Atatürkçü geçinen dingillere tuttuğu aynalar, verdiği ayarlar cahil muhataplarını sinirden köpürtür. Sözü fazla uzatmadan yıllar önce Atatürk ile ilgili kaleme aldığı bir yazısını verelim de henüz bilgilenmemiş cahiller aydınlansın. Bu adama hâlâ Atatürk düşmanı diyorsanız, Allah da sizi bildiği gibi yapsın.
"Atatürkü araştırıp öğrendikçe ve tanıdıkça ona duyduğum hayranlık ve sevgi daha da artıyor... Evet, şu yaşımda...
Ama halterci kızların sevici olup olmadıklarını araştırmak varken siz bu uğraşı gündem dışı da bulabilirsiniz tabii, ya da bu herif durup dururken Atatürk konusuna sardığına ve ters şeyler de yazdığına göre hükümete yağ çekmeye çalışıyor da diyebilirsiniz.
Deyiniz, ben de kendi dünyamı yaşayıp gideyim.
Atatürkü öğrendikçe, onun vatanı kurtarmak için gökten zembille indirilmiş bir uzaylı olmadığını, sizin benim gibi etten kemikten bir insan olduğunu bir kere daha anladım. Hepimiz gibi bir insandı ama hepimizden daha büyük bir insandı.
insanüstü sananlar var da, o bakımdan söylüyorum...
Üstelik size onun hayatına ilişkin hiçbir ayrıntı öğretilmiyor ve bu insanüstü görüntüsü daha da abartılıyor.
işte bir örnek: Atatürkün, kendisinden yaşça büyük Ömer, Ahmet ve Fatma adında üç kardeşi daha bulunduğunu, yani iki abisi bir ablası olduğunu biliyor muydunuz?
Yaaa... Bunlar çok küçük yaşta ölmüşler. Mustafa Kemal ve Makbule yaşamışlar.

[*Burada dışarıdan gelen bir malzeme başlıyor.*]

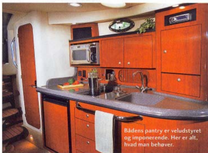
Bådens pantry er veludstyret og imponerende. Her er alt, hvad man behøver.
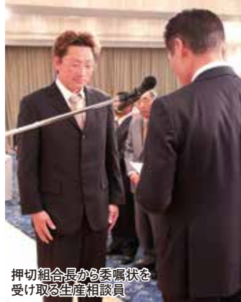
押切組合長から委嘱状を受け取る生産相談員
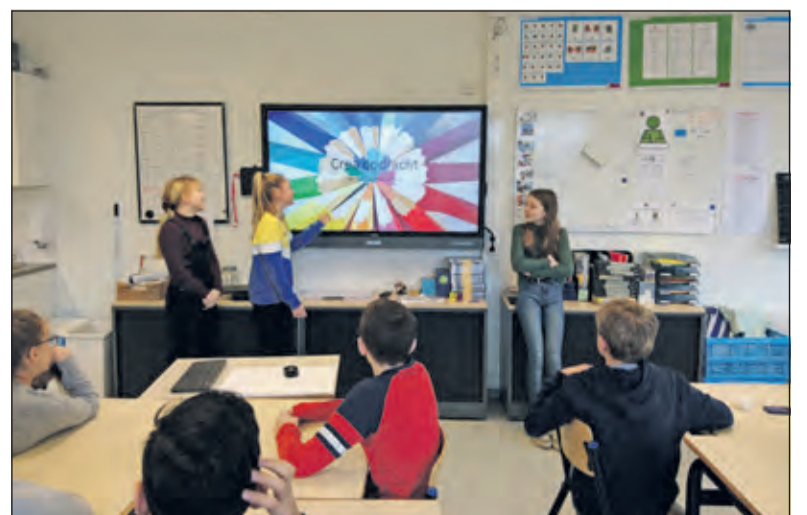
Leerlingen uit groep 8 geven een crea-les aan hun eigen groep.

De bijeenkomst is gratis; aanmelden s.v.p. via info@bilthovenseboekhandel.nl . Bezoekers ontvangen bij inschrijving een link naar een prijsvraag; iedereen die zich vooraf heeft aangemeld ontvangt bij vertrek een goedgevulde goodiebag.
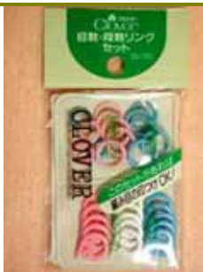
◎段數計環：計數的時候很方便。
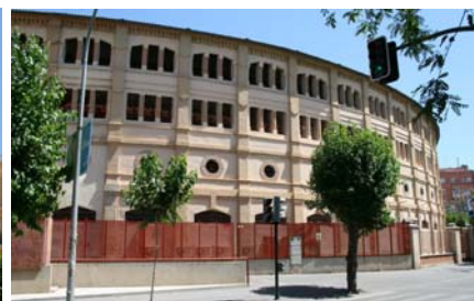
Tjurfäktningsarena i Murcia

Sista dagarna i maj bunkrade vi. Här i Cartagena finns en stor Carrefour-affär och handlar man tillräckligt mycket så får man sina varor hemkörda. För vår del väntar nu ö-liv med ankring så transporter lär ske med gummibåt. Då är det praktiskt att fylla båten innan. Vi hann också med lite umgänge, bland annat födelsedagfirande för tyska grannbåten ombord på en irländsk 57-fotare. Först 30 maj kastade vi loss och fortsatte österut. Vi fick en fin segling förbi Cabo de Palo, troligen vår sista stora udde att passera på ett bra tag.
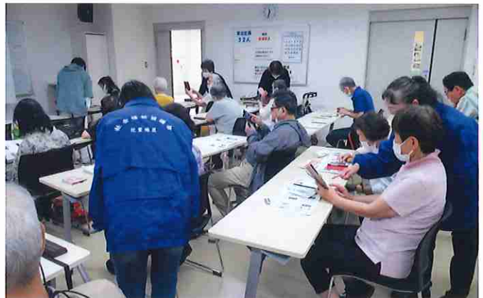
スマホ講座の様子

Evet, Makbule adında bir kızkardeşi olduğuna herhalde şaşırmayacaksınız. Yoksa size bunu da mı öğretmediler?
Peki, kendisinden küçük bir de Naciye olduğunu biliyor muydunuz? Hayır, bilmiyordunuz. O da küçük yaşta ölmüş.
Katolik Kilisesi de, isanın tanrının oğlu olduğunu kanıtlayabilmek için kardeşlerini tarihten silmişti!... Evet, Hazret-i isanın kız ve erkek kardeşleri vardı! Haşa sümme haşa, tanrının insan akrabaları! Ona tanrı gözüyle bakarsanız bu gerçek sizi çıldırtır, bizim gibi yalnızca peygamberlerden bir peygamber olarak kabul ederseniz bunu çok doğal karşılarsınız.
*
Makbule Hanım, soyadı kanunu çıktığında Atadan soyadını almıştı, Atatürk soyadı hiçkimseyle, öz kızkardeşiyle bile paylaşılamazdı!

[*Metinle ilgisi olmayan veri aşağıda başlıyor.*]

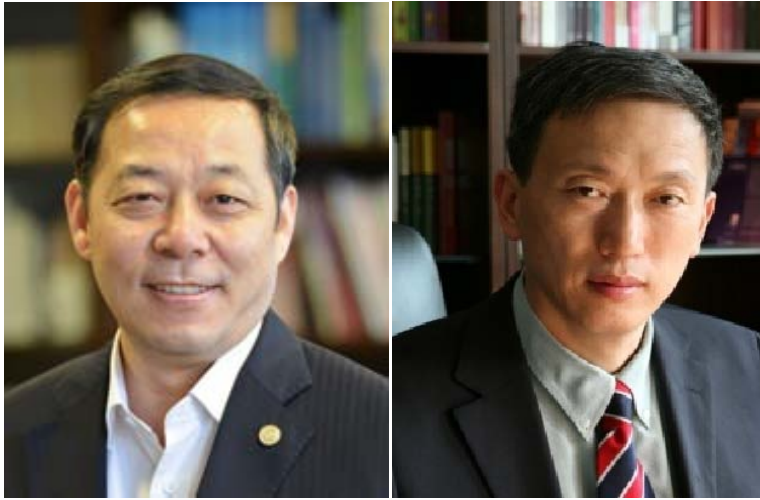
同济大学党委书记 杨贤金 同济大学校长 裴钢

2014、2015年，我们欣历盛世，见证辉煌。党的十八届四中、五中全会胜利召开，“十三五”国民经济和社会发展规划纲要制定，给了国人更多的期许，振奋人心。
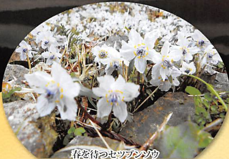
春を待つセツブシソウ

Tıpkı, ismet Paşanın annesi, sevgili dostumuz Erdal inönünün ninesi Cevriye Hanımın da Temelli soyadını aldığı gibi... inönü ismi, annesi için geçerli olamıyordu.
Hep merak ederim, 1934 yılında Zübeyde Hanım hayatta olsaydı acaba hangi soyadını seçecekti kendine? Ataana falan mı?
Atatürkün, babası Ali Rıza Efendiyi küçük yaşta yitirdiğini hepiniz biliyorsunuz. Peki, Zübeyde Hanımın yeniden evlendiğini biliyor muydunuz?
Belki bunu da duymuşluğunuz vardır da, Atatürkün üvey babasının adını bilen var mı aranızda?
Söyleyeyim: Ragıp Efendi.
Ragıp Efendinin, başka bir hanımdan iki oğlu vardı: Hasan ve Süreyya.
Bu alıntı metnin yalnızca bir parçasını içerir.